割れて出てきたターンアザルドは、足踏み一つで大爆発を引き起こすと、戦いを挑んできたジュウオウジャーを、ほぼ一歩も動かずに圧倒。
「どうだ……これが俺、宇宙の破壊神、不死身のアザルド様よ」
6人一斉の野生解放ラッシュも全て無造作に弾き飛ばされ、範囲攻撃で全員変身解除。
…………えー…………ラスボスに勝てる目処も全くついていないのに、ラスボス手前にも勝てる気のしない相手が出てきたんですが(^^; 戦力ヒエラルキー描写は割と丁寧に積み重ねてきた作品だけに、この最終盤でトンデモ2連発をどう片付けるのか。一応、光があるとすれば取り返した4つのジュウオウキューブですが、ここまで来て白ける「奇跡」は持ち出さないと信じているので、どう転がしてくれるのか実に見物。逆に、真の最終局面では、ここまで積み上げてきたものを活かした、鮮やかな「奇跡」を期待しております。
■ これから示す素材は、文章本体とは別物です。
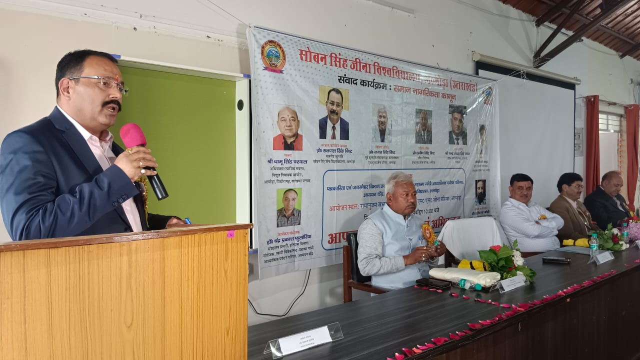 अल्मोड़ा-सोबन सिंह जीना विश्वविद्यालय अल्मोड़ा द्वारा आज गणित विभाग में समान नागरिक संहिता विषय पर एकदिवसीय संवाद कार्यक्रम का शुभारंभ हुआ।कार्यक्रम के संरक्षक एवं अध्यक्ष रूप में विश्वविद्यालय के कुलपति प्रोफेसर सतपाल सिंह बिष्ट,मुख्य अतिथि रूप में मुख्य स्थाई अधिवक्ता उच्च न्यायालय चंद्रशेखर सिंह रावत, विशिष्ट अतिथि रूप में पूर्व कुलपति एवं संकाय अध्यक्ष,कला संकाय प्रोफेसर जगत सिंह बिष्ट,कार्यक्रम के वक्ता चामू सिंह घस्याल (अधिवक्ता न्यायिक सदस्य विद्युत नियामक आयोग अल्मोड़ा,पिथौरागढ़,बागेश्वर जनपद,वक्ता के रूप में विधि संकाय के आचार्य प्रोफेसर डी.के.भट्ट, कुलसचिव डॉ.देवेंद्र सिंह बिष्ट, आयोजन के संयोजक डॉ चंद्र प्रकाश फुलोरिया,सहसंयोजक पत्रकारिता एवं जनसंचार विभाग के डॉक्टर ललित चंद्र जोशी ने द्वीप प्रज्ज्वलित कार्यक्रम का उद्घाटन किया।संयोजक डॉ चंद्र प्रकाश फुलोरिया ने बताया कि इस कार्यक्रम में विधि विशेषज्ञों एवं विद्वानों द्वारा समान नागरिक संहिता विषय पर मंथन करने के साथ विद्यार्थियों से संवाद किया गया। उन्होंने कार्यक्रम की रूपरेखा प्रस्तुत की।कार्यक्रम के वक्ता चामू सिंह घस्याल अधिवक्ता न्यायिक सदस्य विद्युत नियामक आयोग अल्मोड़ा पिथौरागढ़, बागेश्वर जनपद ने कहा कि समान नागरिकता कानून को लागू करने वाला देश का पहला राज्य उत्तराखंड है।यह कानून सभी वर्ग, सभी जाति,सभी धर्म के लिए समानता की बात करता है।उन्होंने विवाह,उत्तराधिकार,भरण पोषण, सामाजिक सौहार्द आदि को लेकर इस कानून में समाहित विषयों की चर्चा की।वक्ता रूप में विधि संकाय के आचार्य प्रोफेसर डी.के. भट्ट ने कहा कि उत्तराखंड में समान नागरिकता कानून सभी जनमानस को ध्यान में रखते हुए किया गया है।उन्होंने कहा कि विवाह से संबंधित विभिन्न प्रावधान जो पहले किसी न किसी रूप में संदेह के घेरे में थे उन सब को अब एक पैमाने से तोलने का जो अवसर मिला है वह समान नागरिकता कानून की एक बहुत बड़ी देन है। उन्होंने लिव इन रिलेशन से संबंधित प्रावधानों को भी उजागर किया और कहा कि लिव इन रिलेशन में यदि कोई भी जोड़ा अवैध रूप से रह रहा है तो उसके पुत्र को तो मान्यता मिल जाएगी लेकिन यदि उन्होंने समय पर रजिस्ट्रेशन नहीं कराया तो पति पत्नी के रूप में उनकी वैधता अवैध मानी जाएगी।मुख्य अतिथि रूप में मुख्य स्थाई अधिवक्ता उच्च न्यायालय के अधिवक्ता चंद्रशेखर सिंह रावत ने कहा कि समान नागरिकता कानून उत्तराखंड के द्वारा लागू किया गया है और यह देश का पहला राज्य है जिसने इसको कार्य रूप में परिणित किया है।समान नागरिकता कानून के विभिन्न प्रावधानों के बारे में उन्होंने जानकारी देते हुए कहा कि इस कानून के प्रभावी होने के ब

「くくくくふふふふふははははははははは。…………いい準備運動だったぜ。あっちにも用があるからな」
「フフフフフハハハハハ」
ジュウオウジャーにトドメを刺さず、弓矢基地を見上げるアザルド、その姿を見下ろし楽しそうに嗤うジニス様。
……てあれ、もしかして、ジニス様のブラッドゲームの本当の目的って、真の力を取り戻したアザルドと戦う事?
この局面で、戦隊そっちのけでボス級キャラ2人が笑い合っているという凄い展開で、つづく。
次回――予告の内容からすると、大和父が妻の死に目に間に合わなかったのはバドを助けた為で、とすると、大和父がバドの治療を選んだからこそ、大和はジューマン達と繋がれた……という大和くんにとって凄まじく重い一撃が炸裂しそうですが、サワオ回・今回と父親との絡みで浮き彫りにされた、大和もそこまで大人なわけじゃない、という要素が物語してどう跳ねるのか、恐らく残り3話になるかと思いますが、楽しみにしたいと思います。